◆ GIVEN DATA ◆
# # #

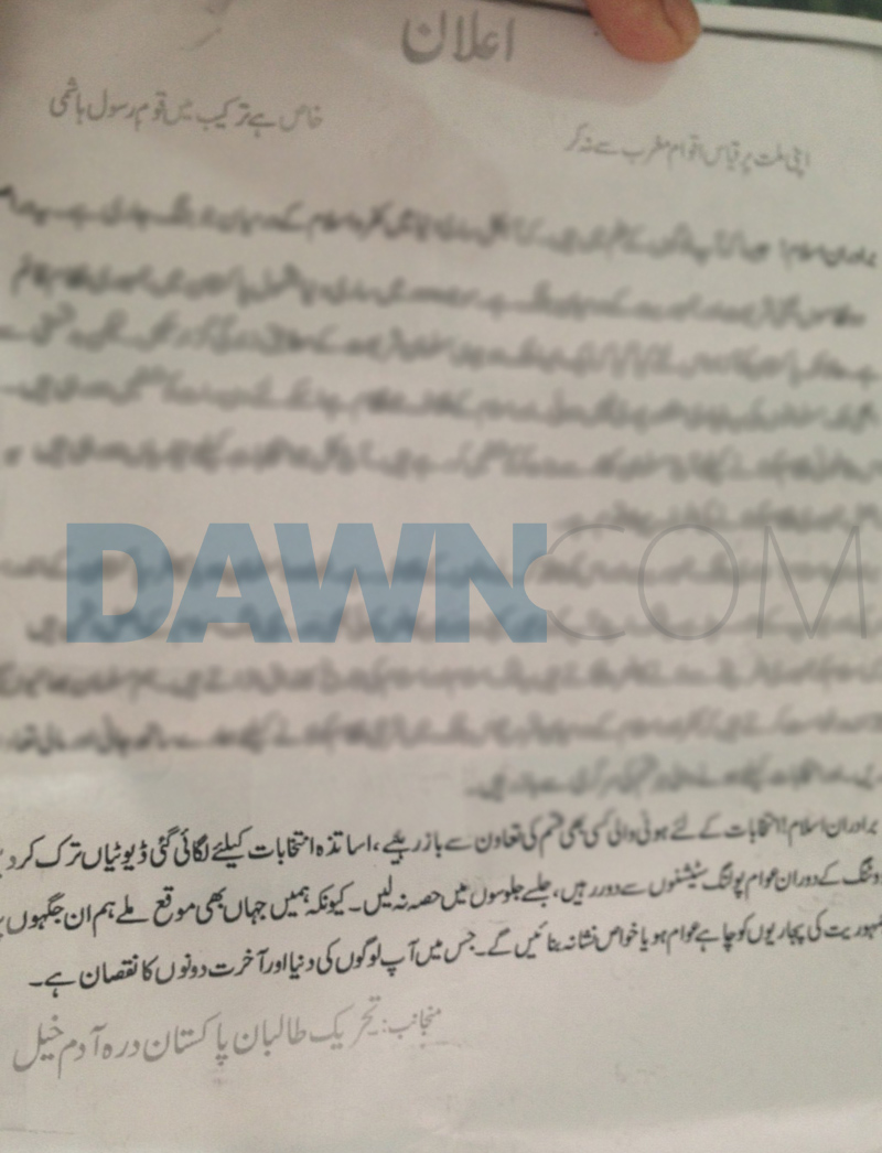 The pamphlet issued by the Darra Adma Khel chapter of the TTP also warned the citizens at large from participation in the electoral process.
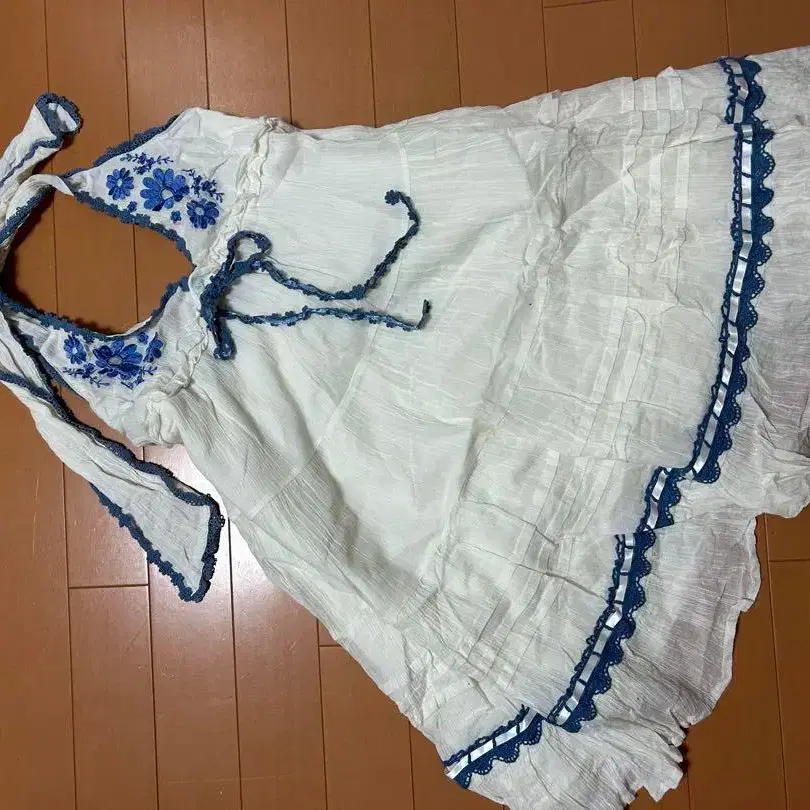 #루패션 #LIZLISA #리즈리사 화이트 블루 꽃 자수 봄/여름 레이스 플레어 리본 리조트풍 홀터넥 원피스 히메 스타일 히메 갸루 헤이세이 갸루 레어 희귀 499599
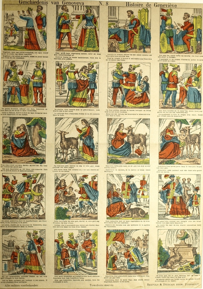 Centsprent met twintig gekleurde prentjes over de ge...
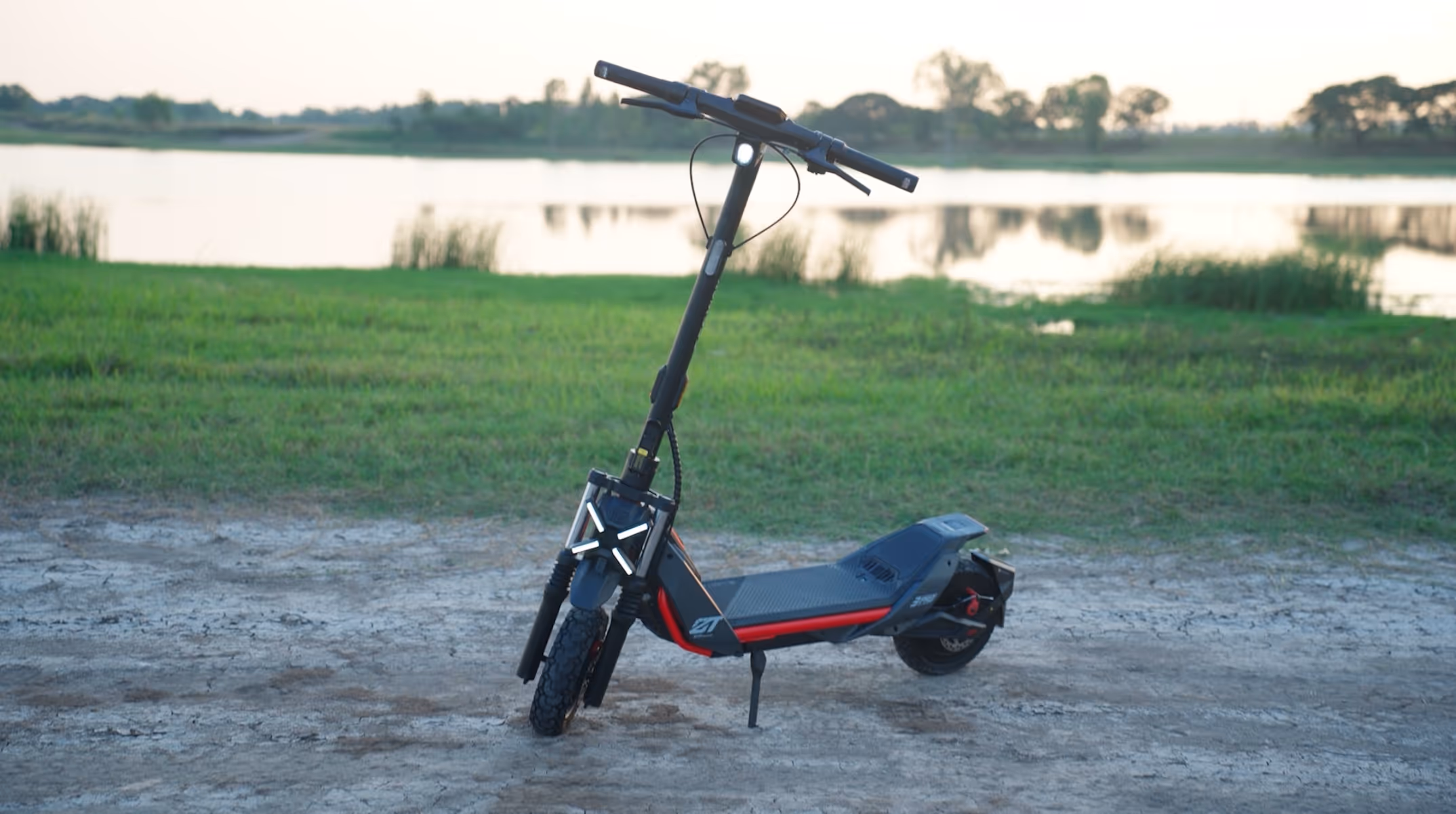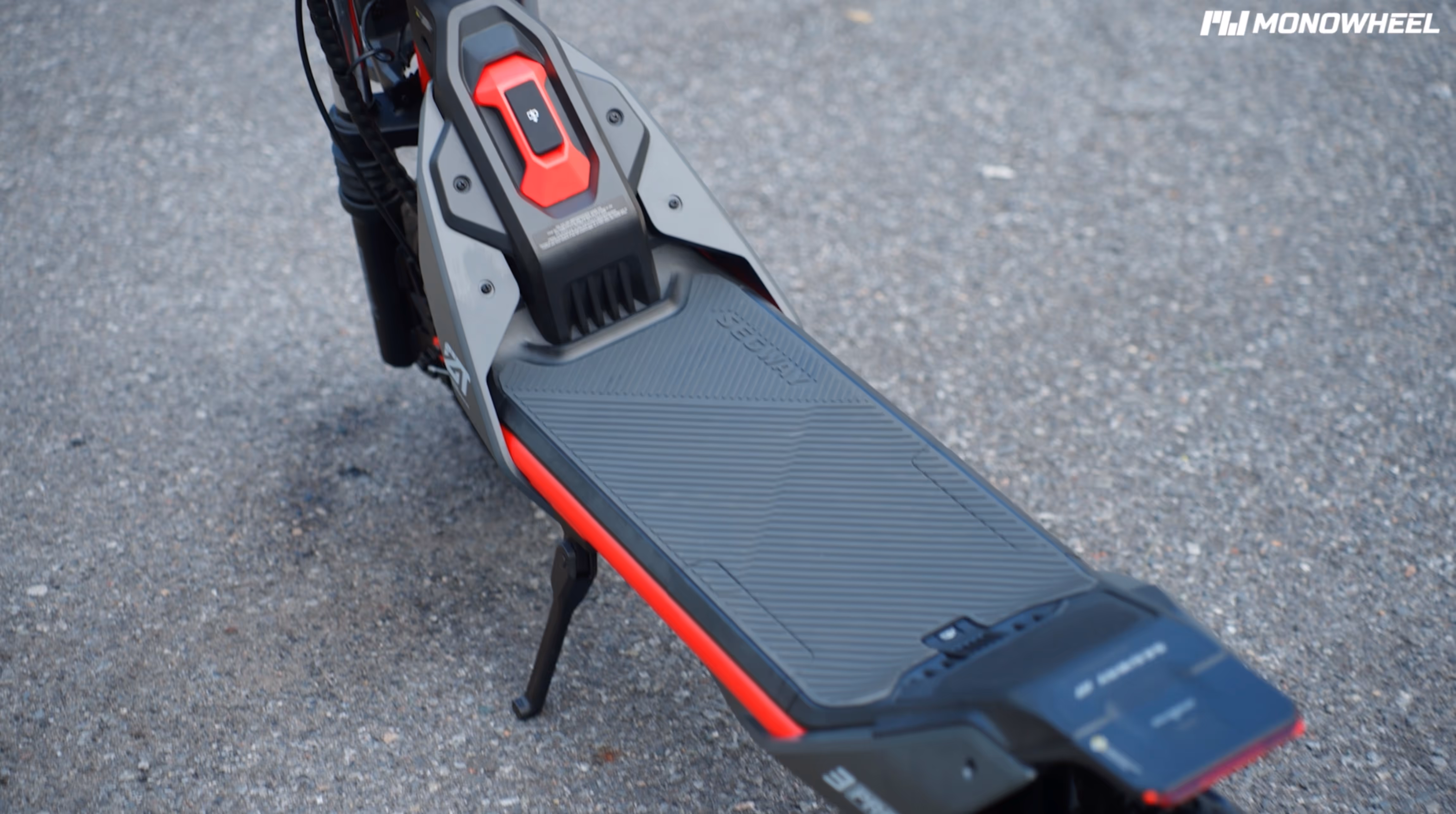 พื้นเหยียบรุ่นนี้ทำมากว้างและมีพื้นที่เหยียบแบบสบายมากเลยนะครับรุ่นนี้มีระยะฐานล้ออยู่ที่ XX ยาวกว่ารุ่นอื่น ๆ และด้านหลังดีไซน์ให้สามารถใช้เป็นพักเท้าหลังได้ด้วยนะครับ ส่วนจุดชาร์จยังอยู่ด้านหน้า และอย่างที่บอกว่าในรุ่นนี้ทำระยะยุบของโช้คไว้สูงนะครับ ทำให้ Ground Clearance ต้อสูงตามนะครับเพราะต้องเผื่อไว้ให้ระยะยุบ รุ่นนี้มี Ground Clearance อยู่ที่ XX เวลาลองยืน ลองขับ ในครั้งแรก ๆ เราจะรู้สึกว่าตัวเราลอยอยู่เหนือพื้นแบบค่อนข้างมาก บางครั้งอาจจะยังไม่ชิน แต่บอกเลยว่าลองได้ไม่นานก็สามารถปรับตัวได้แล้วนะครับ เอกลักษณืที่รุ่นนี้ทำออกมาคือ เร็ว แรง แต่ขับง่ายอย่างแน่นอนครับ

# # #

◆ EXERCISE DIRECTIONS ◆
Copy out the whole listing exactly, and don't carry over any pictures.

◆ OUTPUT OF THE EXERCISE ◆
 The pamphlet issued by the Darra Adma Khel chapter of the TTP also warned the citizens at large from participation in the electoral process.
 #루패션 #LIZLISA #리즈리사 화이트 블루 꽃 자수 봄/여름 레이스 플레어 리본 리조트풍 홀터넥 원피스 히메 스타일 히메 갸루 헤이세이 갸루 레어 희귀 499599
 Centsprent met twintig gekleurde prentjes over de ge...
 พื้นเหยียบรุ่นนี้ทำมากว้างและมีพื้นที่เหยียบแบบสบายมากเลยนะครับรุ่นนี้มีระยะฐานล้ออยู่ที่ XX ยาวกว่ารุ่นอื่น ๆ และด้านหลังดีไซน์ให้สามารถใช้เป็นพักเท้าหลังได้ด้วยนะครับ ส่วนจุดชาร์จยังอยู่ด้านหน้า และอย่างที่บอกว่าในรุ่นนี้ทำระยะยุบของโช้คไว้สูงนะครับ ทำให้ Ground Clearance ต้อสูงตามนะครับเพราะต้องเผื่อไว้ให้ระยะยุบ รุ่นนี้มี Ground Clearance อยู่ที่ XX เวลาลองยืน ลองขับ ในครั้งแรก ๆ เราจะรู้สึกว่าตัวเราลอยอยู่เหนือพื้นแบบค่อนข้างมาก บางครั้งอาจจะยังไม่ชิน แต่บอกเลยว่าลองได้ไม่นานก็สามารถปรับตัวได้แล้วนะครับ เอกลักษณืที่รุ่นนี้ทำออกมาคือ เร็ว แรง แต่ขับง่ายอย่างแน่นอนครับ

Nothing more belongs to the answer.